Irish hospitals face a shortage of doctors because new visa arrangements are deterring non-EU doctors from coming to Ireland, the Irish Medical Organisation (IMO) has warned.
The doctors’ organisation, which will hold its annual general meeting in Kerry from tomorrow, has written to the Department of Justice seeking changes to visa arrangements introduced last July.
Since then, doctors wanting to work in Ireland must have their visa renewed with every new contract of employment. Previously, it was standard practice to issue and renew visas for two-year periods.
Dr Chris Luke, consultant in emergency medicine at Cork University Hospital, said ‘‘a perfect storm’’ was brewing and expressed concern that emergency departments would be forced to close due to staff shortages.
The situation is expected to worsen in the second half of the year when the Health Service Executive fully implements shorter working hours for doctors and hospital funding deteriorates.
The IMO said the changed legislation was particularly difficult on non-consultant hospital doctors (NCHDs) or junior doctors, whose contracts are usually issued for six-month periods.

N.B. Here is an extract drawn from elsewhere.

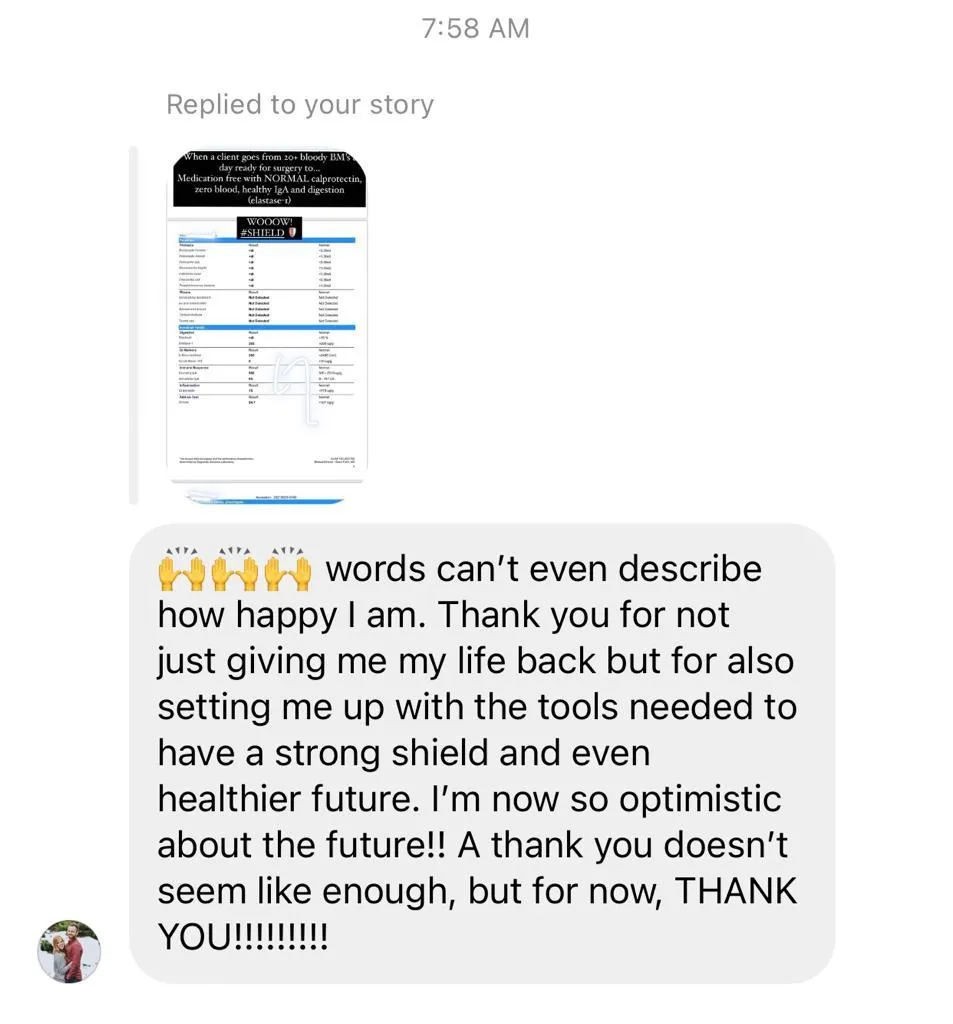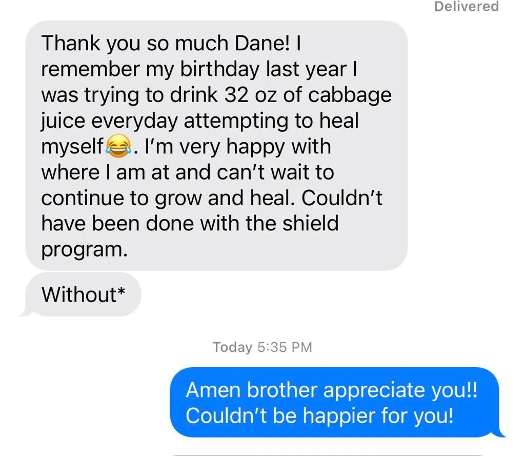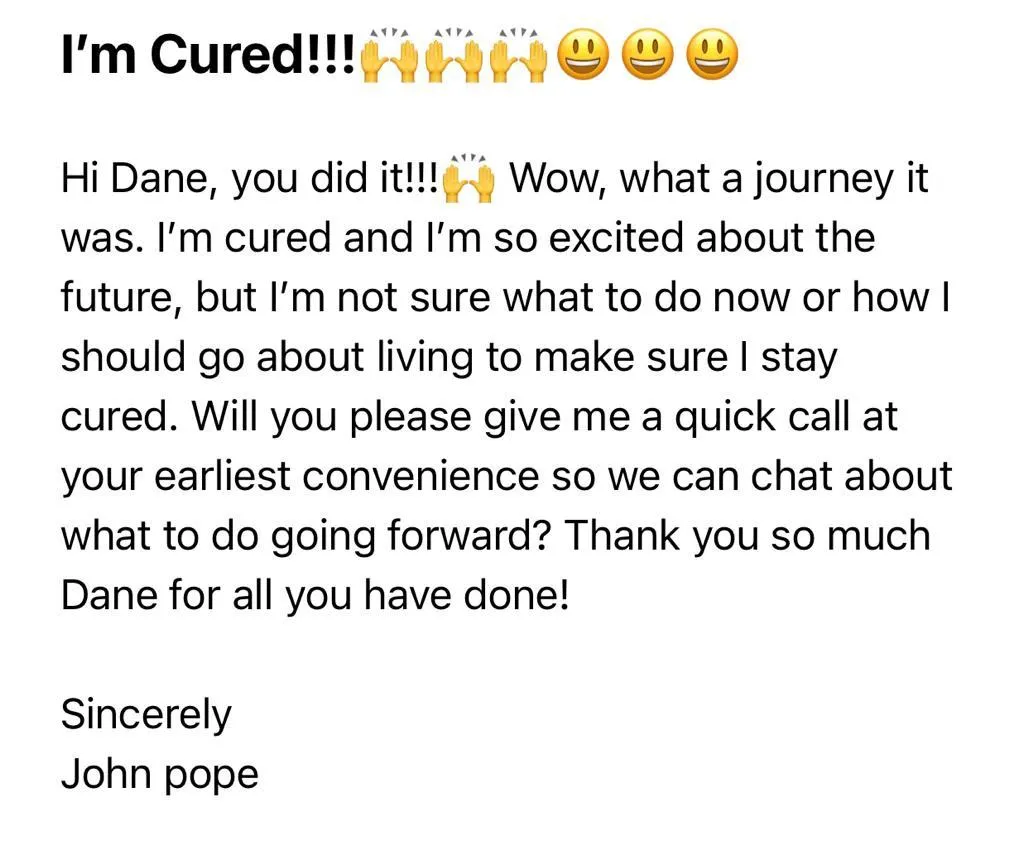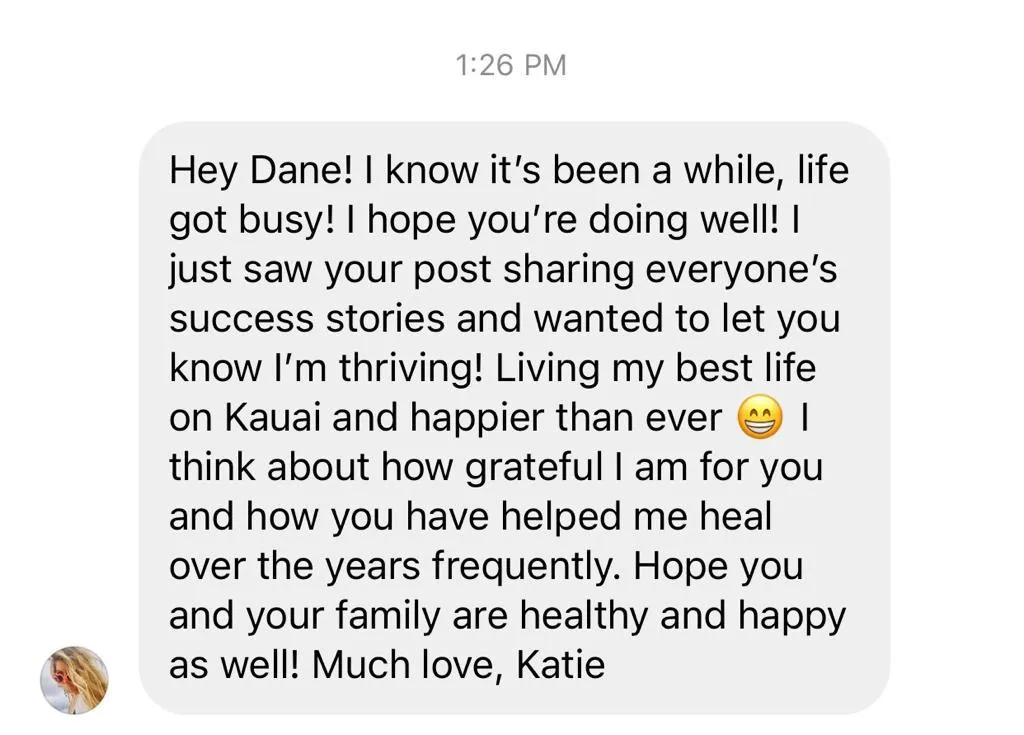 Today, Dane has been symptom, medication and surgery free for 7 years. He has helped 100’s of other do the same through a fully customized functional medicine system called S.H.E.L.D working synergistically with doctors around the world. He is considered one of the most effective and passionate Crohns/Colitis Specialist in modern medicine. (Watch Dane's Story)

An audit carried out by the Royal College of Physicians in Ireland found that non-EU doctors accounted for more than half of all NCHDs working in Irish hospitals.
In its submission to the Department of Justice, the IMO proposed a reversion to the previous arrangement, or a system whereby non-EU doctors working in Ireland would be given two-year visas after they had worked in the country for a year.
Shirley Coulter, senior industrial relations executive with the IMO, said non-EU doctors were critical to the Irish health system and should be incentivised to work here.
The IMO said there was evidence of a significant fall in the number of applications for NCHD posts that began on January this year, ‘‘with a large number of doctors either not choosing to come to Ireland or leaving here to work in Britain, Australia, New Zealand and the USA’’.
Consultants across the country have reported shortages of hospital doctors in different specialities, with emergency medicine particularly badly affected.